Although team formats work in many sports, I think tennis and golf are the better models for marathoning and road racing. Bud Collins wrote extensively on the transition of tennis from a barn-storming series of unattached tournaments and individual players to the current era of circuits and the Association of Tennis Professionals and the Women’s Tennis Association. Golf went through similar transitions to get us from the match-play days of the 1920s and 1930s to the current days of the PGA tour and lucrative TV contracts.
The IAAF is trying to get us to a rankings system with points that Fred seems to suggest in your Runners Digest interview. The current IAAF ranking model might not be ideal and is a bear to understand, but IAAF seems open to fine-tuning it as we move forward. Problem is there are still plenty of top-level races that could care less about participating in an IAAF “circuit,” or any other kind of circuit for that matter.
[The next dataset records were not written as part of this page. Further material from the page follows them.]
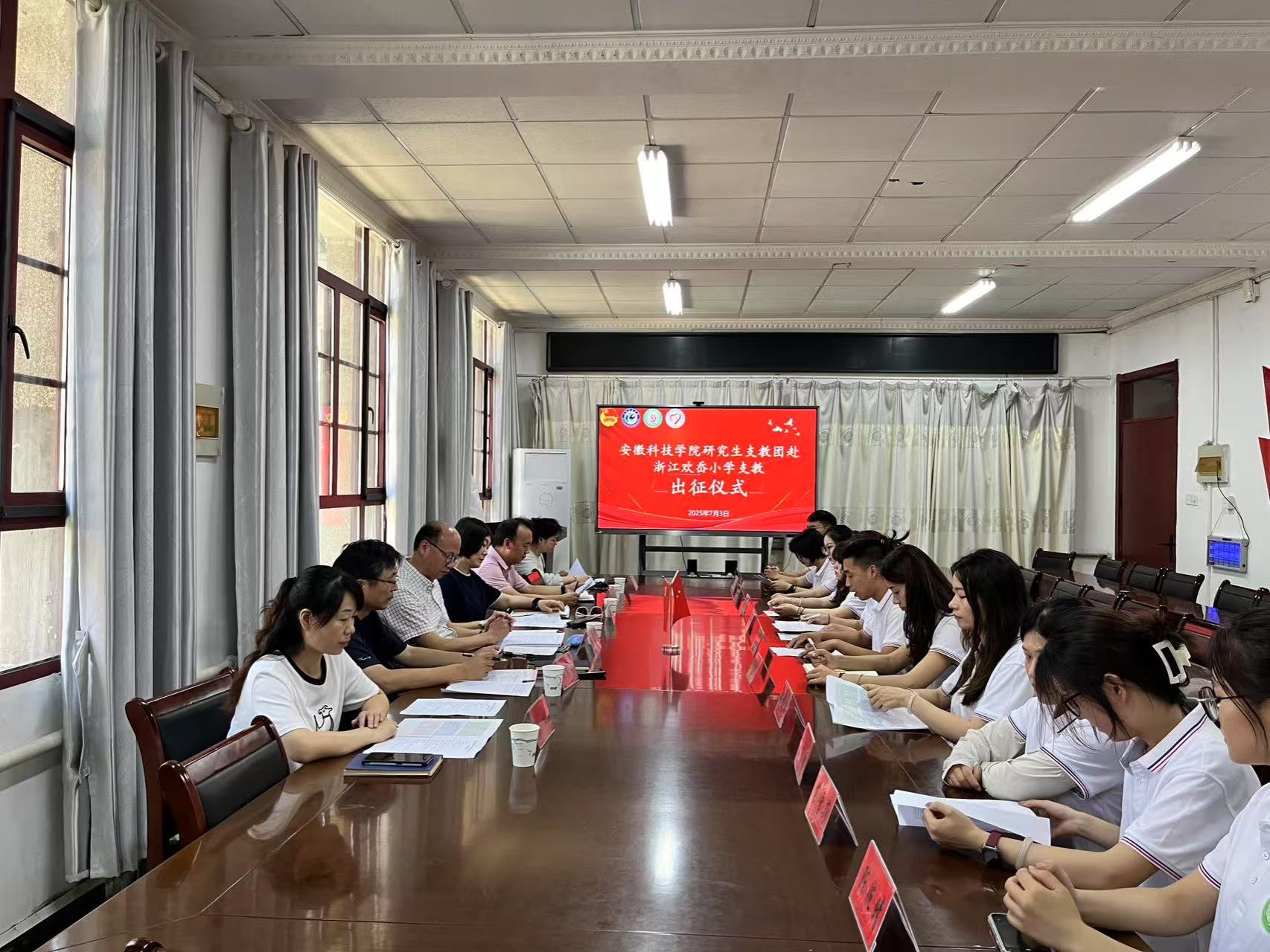 2025年7月3日上午,安徽科技学院研究生支教团赴浙江欢岙小学支教出征仪式在农学院会议室举行。校党委委员、副院长王孝义出席仪式,校团委书记张聪、研究生处老师和研究生支教团成员代表共同参加了此次仪式,仪式由党委研究生工作部部长张春雨主持。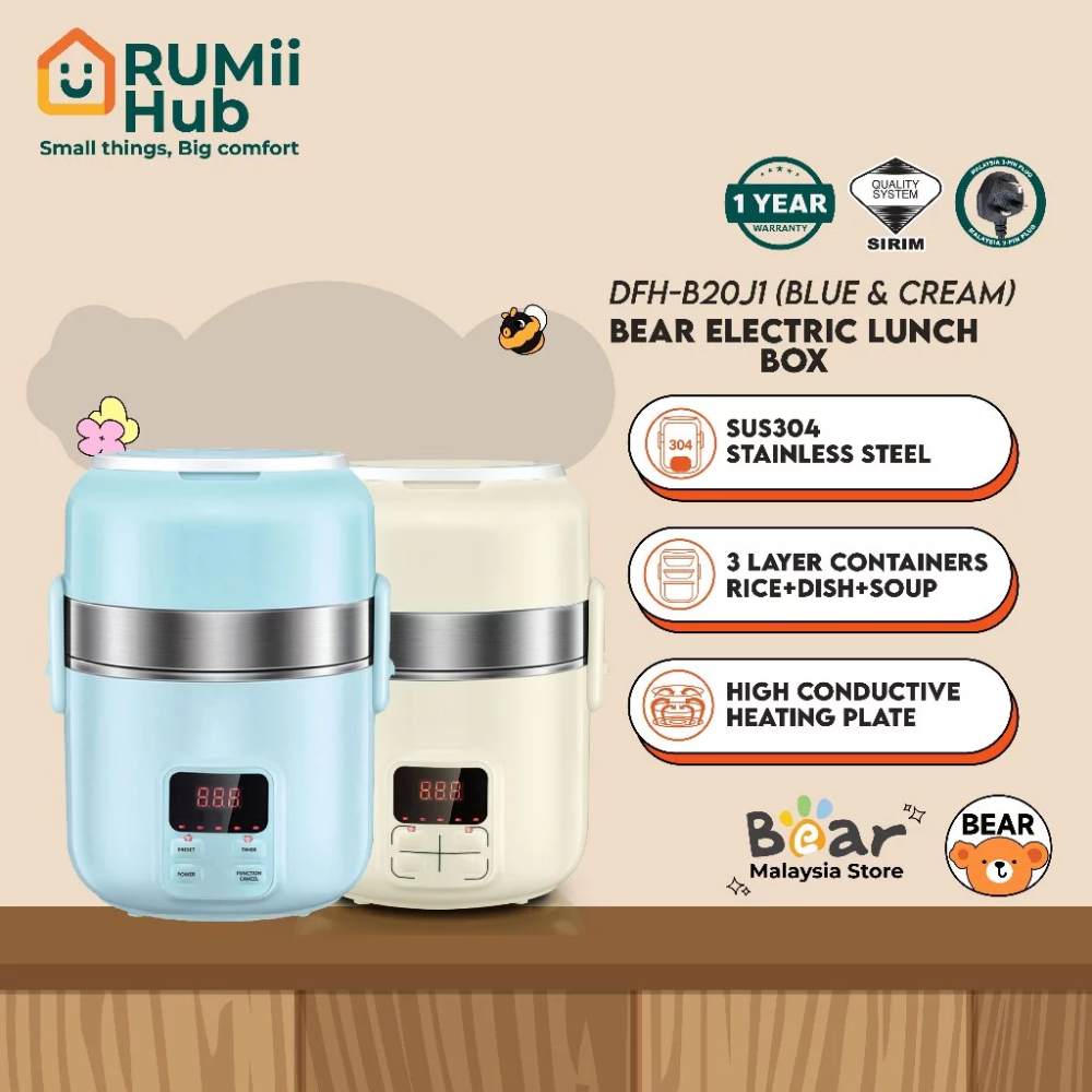 Bear Electric Lunch Box Portable Heating 3-Layers Stainless Multi Mini Rice Cooker (2L) DFH-B20J1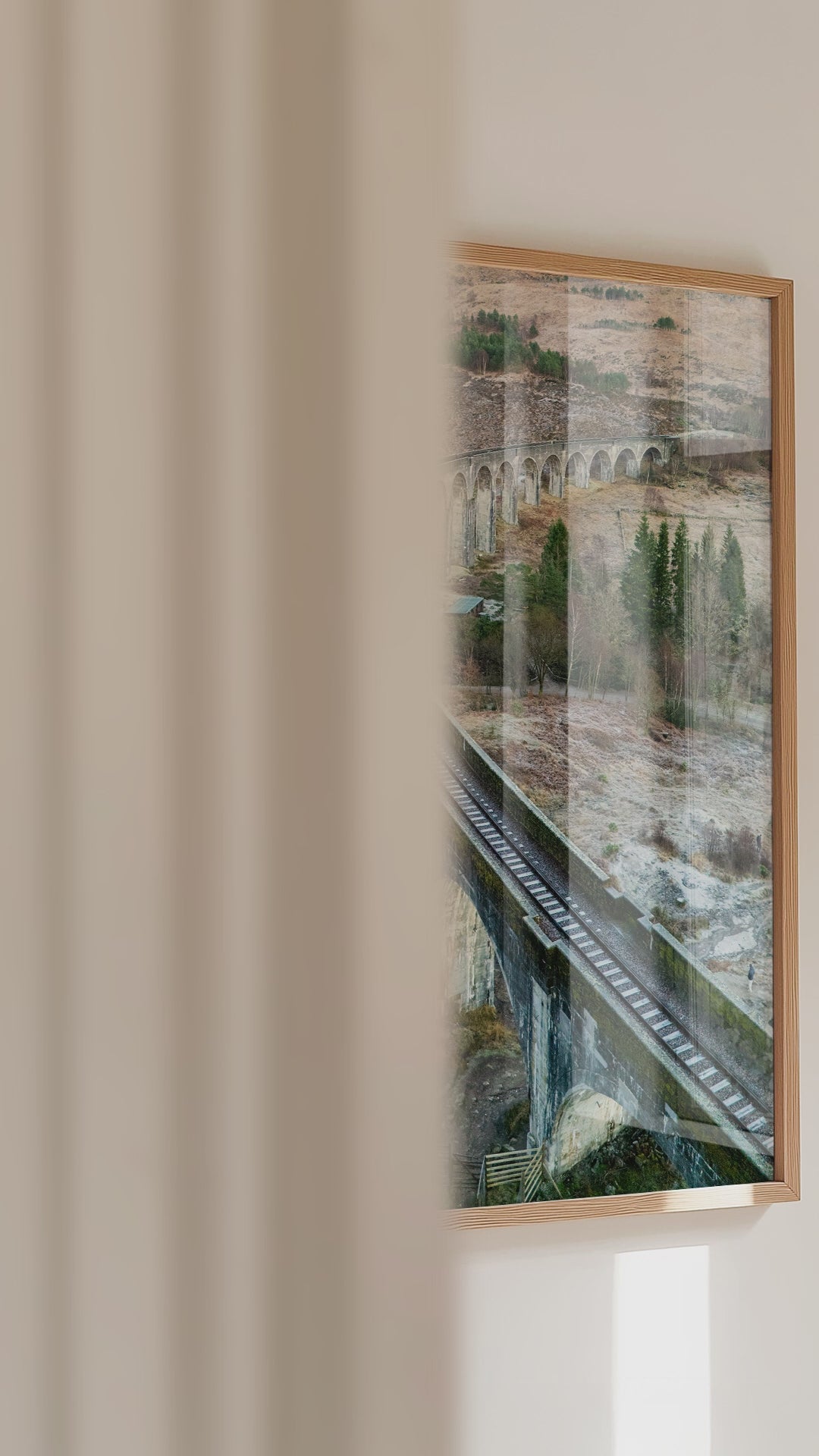 A sweeping curve of stone arches carries the railway across a quiet valley, guiding the eye steadily through the landscape. This architectural photograph balances strength and stillness, where engineered precision meets open, rugged terrain. The repeating arches and gentle bend create a natural rhythm, giving the image a sense of movement without urgency. Ideal for modern interiors, workspaces, or calm living areas where structure and atmosphere can coexist without overpowering the room.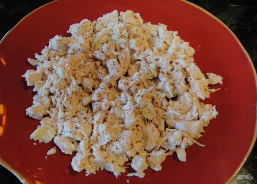 1. Нарежьте отварную курицу кусочками и уложите нижним слоем, поперчите и посолите.
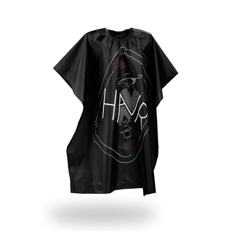 Hajvágó kendő. 130x 150cm. Vízlepergető Polyester. Gumirozott nyakrész. Kapcsos rögzítés. Mosógépben alacsony hőfokon mosható.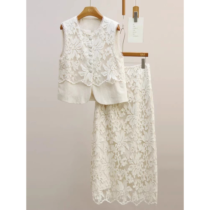2025年夏の新しい中国風ジャカードベスト、女性用のハイエンドのヘビーレーススカートスーツ
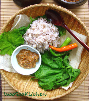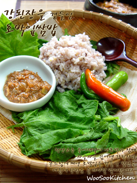 호박잎에 부족한 단백질은 강된장으로 해결이 되니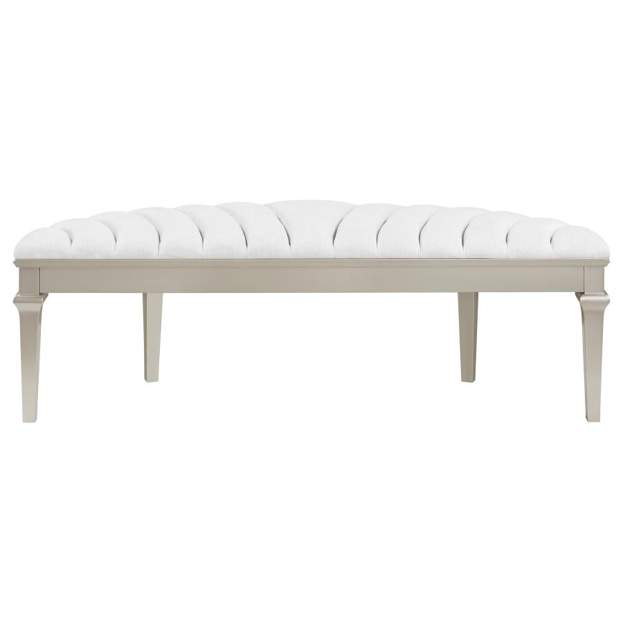 | • Double arch head and footboards feature lush ivory fabric upholstery with foam padding • Silver oak finish with glimmering accent panels is elegant and modern, delivering a glam finishing touch • Framed beveled mirror creates an instant dressing vanity setup • Hexagonal shaped hardware with pearl-like center accents offers a modern flair • Soft grey felt lining on the top dresser drawers offer space for delicates |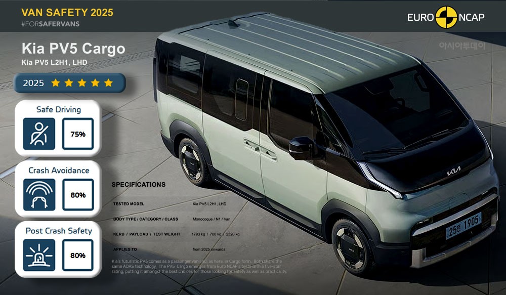9일 기아에 따르면 PV5 카고는 유로 NCAP가 주행 안전성, 충돌 방지, 충돌 후 보호 시스템 등 3개 핵심 항목을 중심으로 실시한 올해 평가에서 전 항목 우수 평가를 받았다. 운전자 모니터링 시스템, 안전벨트 경고, 지능형 속도 제한 장치 등 기본 안전 사양은 물론, 보행자·자전거 이용자까지 정확히 감지하는 전방 충돌방지 보조(FCA) 성능이 높은 점수를 이끌었다. 차로 이탈방지 보조(LKA) 등 주행 보조 기능도 실제 상황에서의 안전성을 강화하는 요소로 평가됐다.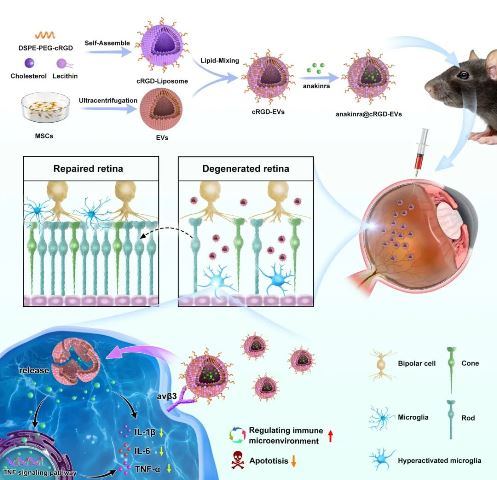 图:工程化anakinra@cRGD-EVs的制备及其通过免疫微环境操作,促进视网膜变性的靶向修复示意图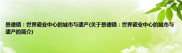 本文关于景德镇:世界瓷业中心的城市与遗产的简介就讲解完毕,希望对大家有所帮助。

Speaking of which… here’s some comical and good-natured verbal jousting between Fred Lebow and Bob Bright, the director of the Chicago Marathon at that time.
Sadly, we have no competition amongst races anymore, much less the personality tussles between media-savvy race directors like Fred and Bob. And remember, that story ran on CBS network, not a local station. Oh, how the times have changed.
He was a bit off on things…. FIFA made sure Olympic soccer didn’t matter since they insisted it was only an under 23 competition….for men it’s never been a big deal…also the IOC is hardly losing power and strength…and the IAAF seems to be on its last legs…. I suspect if Lebow was around he would realize things have changed and the joggers have taken over…. and a financial boon for the NYRR…. but I doubt even Lebow could have forseen the absolute dominance of East African distance runners these days….which sadly has destroyed interest for the general public, at least in Europe….during that great Stockholm 10,000 a few days ago the stadium was practically empty…
“Ollan Cassell said to me, and it makes a lot of sense, that the Olympics will cease to be as important, but a new World Championships will be instead. To make an analogy, have you ever heard much about the Olympic soccer teams? No. But you have heard a lot about the World Cup in soccer. That’s the difference. The key to it is the Olympics aren’t what they used to be and never will be again. So the IOC will lose a lot of strength and power and the IAAF will progress.”
Yes, the 1976 & 1980 Olympic boycotts did not lead to the diminution of the Games. Instead, Peter Ueberroth showed how to make money off the brand in 1984 while the IAAF continued down the path of corruption.
Fred would’ve embraced the joggers, and did. But he was a sportsman who realized the pro model employed in other sports was what was needed to elevate running. But it couldn’t be elevated one event at a time. It had to come via a league or circuit, like golf, tennis, or motorcar racing.
As far as East African domination, again, the way to handle that is to integrate individuals into a larger league or circuit so individuals represent more than
Just themselves. We see this in every other sport, just not running.
As always, thanks for the contribution.
Great thoughts, Toni. You may be correct.
Fascinating Fred Lebow was our PT Barnum.